SUMMARY: Growing a Department 3 of 3 (LONG)

Subject: SUMMARY: Growing a Department 3 of 3 (LONG)
From: Barb Ostapina <Barb -dot- Ostapina -at- METROMAIL -dot- COM>
Date: Thu, 2 Apr 1998 11:49:24 -0500

Here's part 3...
**********
Barb; At my last job, I was hired as the only/first Technical Writer at the
company. This company made
atomic clocks and other precision timing equipment and had about 150
employees at its peak. I remained
a one person writing department for the five years that I worked there. I
also have been the only
Technical Writer on a few projects at my present job.
Engineers assisted by secretaries at the first company originally
produced documentation. As the
company grew, they opened up a full-time Technical Writing position. They
did not really have a
description or even a classification for a Technical Writer. The position
was salaried but classified as
a Technician-A (techs were classified A, B, and C).
When I first started at the company as a Technical Writer, I was in a
two-person department called Product Engineering. The other member was an
Engineer. We reported to Marketing but acted as liaisons between Marketing
and Engineering. When a new product was planned and developed or an
existing product was customized, the Engineer would work on the
design/Marketing aspects and I would work on the documentation, training,
and specifications.
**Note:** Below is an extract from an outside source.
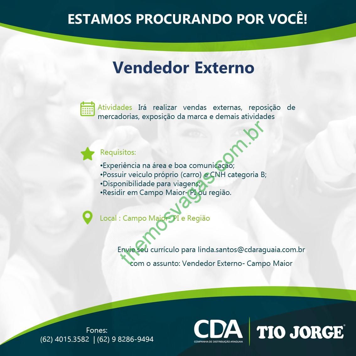 Interessados(as) e que atendam aos requisitos devem enviar o perfil profissional, colocando no título do e-mail “Vendedor Externo – Campo Maior”, para: linda.santos@cdaraguaia.com.br

This lasted for a year and a half.
Like many places, there was a re-org. The Engineer was made a
salesman and I was sent to Engineering. Because I had some programming,
engineering (ASEE + 1 year), teaching experience (BS in Education), and
technician experience, I became a jack-of-all trades. The documentation
was my main responsibility, but I also wrote and documented some ATE
(automated test equipment) programs, provided customer/in-house training
(which was sold with the documentation), did some PC-board layout, and even
soldiered/wire-wrapped prototypes.
The company started to expand its product line to the telecom
industry. This would more than double the documentation and prototype
needs. It was at this time that I suggested that the Engineering
department put on another writer. To put the whip to me, they said that
they could see it happening two-ways -- depending on my performance. One
way was to hire a Senior writer, classify me as a junior writer, and split
my duties between writing and troubleshooting prototype equipment. The
other way was to classify me as an Engineer-B and hire a junior writer to
write full time. In this scenario, I would be responsible for the design
and content of the documentation, but the junior writer would do most of
the writing. In essence, I would be the SME to whom the writer worked
with. I would be assisting with the prototype developments and
installation and training of our products.
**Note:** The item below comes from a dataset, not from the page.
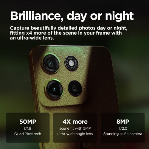 moto g15 brings you cinematic entertainment at its best. Watch your favourite programmes and films come to life on a super sharp and bright 6.72” Full HD+ display – even outdoors in sunlight. Listen to sound all around thanks to powerful stereo speakers with bass boost and Dolby Atmos®. Capture beautifully detailed photos with the 50 MP(1) camera system, eliminating those annoying bars from artificial light sources. Fuel up fast with TurboPower™ charging(2) then go for longer with a 5200 mAh battery. Enjoy the premium look and feel of vegan leather, along with the protection of a water-repellent design(3) and Corning® Gorilla® Glass 3. Plus, experience fast performance and plenty of storage, so there’s always room for fun. Brighten each day with moto g15.

Things looked good for about 6 months. I was promoted to Engineer B,
given a company credit card, writing-programming-troubleshooting-training,
being sent out into the field. I was at the point where the Engineers
would no longer micro-manage the documentation (took about 3 years to be
viewed a peer). They now just gave me a specification and said create a
test procedure, documentation, and training material from this, and let me
run with it.
However, right before hiring a junior writer, we lost what we thought
was a sure bid for a large project and our parent company bought-out and
merged us with a competitor. As a result, a third of the company was laid
off. It was decided that the telecom products would be developed out of
[city] (rather than [different city]). Anyway, I was out of work for
almost a year, relocated to [state], and started a new job. My old company
is back to having Engineers and secretaries write the documentation.
**********
Although I wasn't the first tech writer hired by [company], I was
apparently the only real TW hired (the others were originally hired for
other jobs and did TW on the side). I was all by myself for about a year.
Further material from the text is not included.